For users do not have above dependencies, we provide following command to quickly set up.

Redis
```
$ export REDIS_VERSION=5.0.5
$ wget http://download.redis.io/releases/redis-${REDIS_VERSION}.tar.gz && \
    tar xzf redis-${REDIS_VERSION}.tar.gz && \
    rm redis-${REDIS_VERSION}.tar.gz && \
    cd redis-${REDIS_VERSION} && \
    make
```

Flink
```
$ export FLINK_VERSION=1.11.2
$ wget https://archive.apache.org/dist/flink/flink-${FLINK_VERSION}/flink-${FLINK_VERSION}-bin-scala_2.11.tgz && \
    tar xzf flink-${FLINK_VERSION}-bin-scala_2.11.tgz && \
    rm flink-${FLINK_VERSION}-bin-scala_2.11.tgz.tgz
```

After preparing dependencies above, make sure the environment variable `$FLINK_HOME` (/path/to/flink-FLINK_VERSION-bin), `$REDIS_HOME`(/path/to/redis-REDIS_VERSION) is set before following steps. 

#### Install release version
```
pip install bigdl-serving
```
#### Install nightly version
Download package from [here](https://sourceforge.net/projects/bigdl/files/cluster-serving-py/), run following command to install Cluster Serving
```
pip install bigdl_serving-*.whl
```
For users who need to deploy and start Cluster Serving, run `cluster-serving-init` to download and prepare dependencies.

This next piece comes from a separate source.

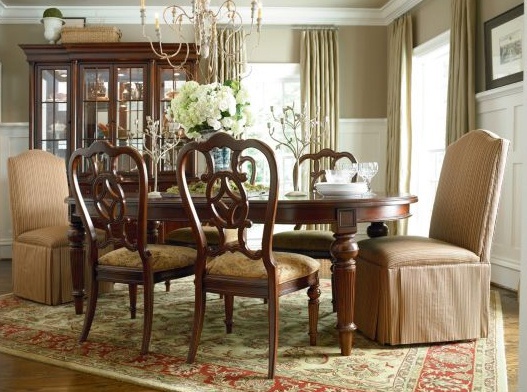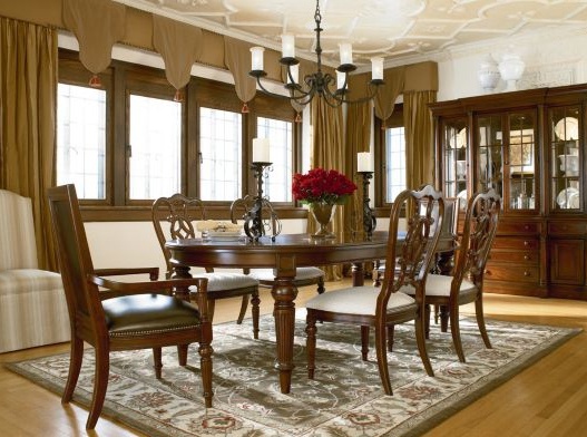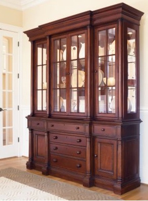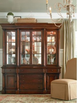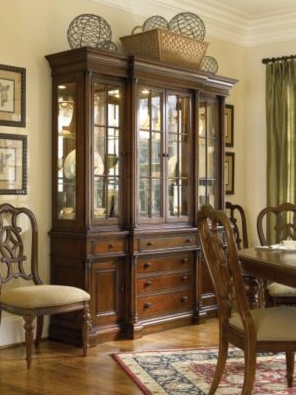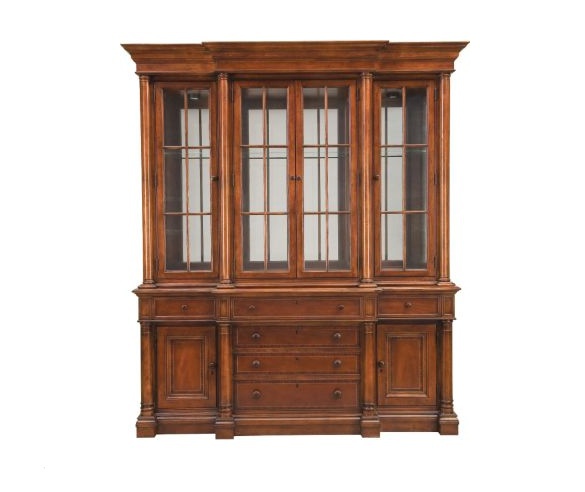 Breakfront sideboard from the collection of Fredericksburg from the American manufacturer Thomasville. High sideboard classic silhouette with mirrored showcase looks great in both traditional and modern interior of the dining room or living room. Made of wood in light brown color, the wood texture is well developed.

For users who need to do inference, aka. predict data only, the environment is ready.

## Configuration
### Set up cluster
Cluster Serving uses Flink cluster, make sure you have it according to [Installation](#1-installation).

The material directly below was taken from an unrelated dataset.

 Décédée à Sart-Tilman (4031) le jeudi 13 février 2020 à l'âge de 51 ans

For docker user, the cluster should be already started. You could use `netstat -tnlp | grep 8081` to check if Flink REST port is working, if not, call `$FLINK_HOME/bin/start-cluster.sh` to start Flink cluster.

If you need to start Flink on yarn, refer to [Flink on Yarn](https://ci.apache.org/projects/flink/flink-docs-stable/deployment/resource-providers/yarn.html), or K8s, refer to [Flink on K8s](https://ci.apache.org/projects/flink/flink-docs-stable/deployment/resource-providers/standalone/kubernetes.html) at Flink official documentation.

If you use Flink standalone, call `$FLINK_HOME/bin/start-cluster.sh` to start Flink cluster.


### Configuration file
After [Installation](#1-installation), you will see a config file `config.yaml` in your current working directory. This file contains all the configurations that you can customize for your Cluster Serving. See an example of `config.yaml` below.
```
## BigDL Cluster Serving Config Example
# model path must be provided
modelPath: /path/to/model
```

### Preparing Model
Currently BigDL Cluster Serving supports TensorFlow, OpenVINO, PyTorch, BigDL, Caffe models. Supported types are listed below.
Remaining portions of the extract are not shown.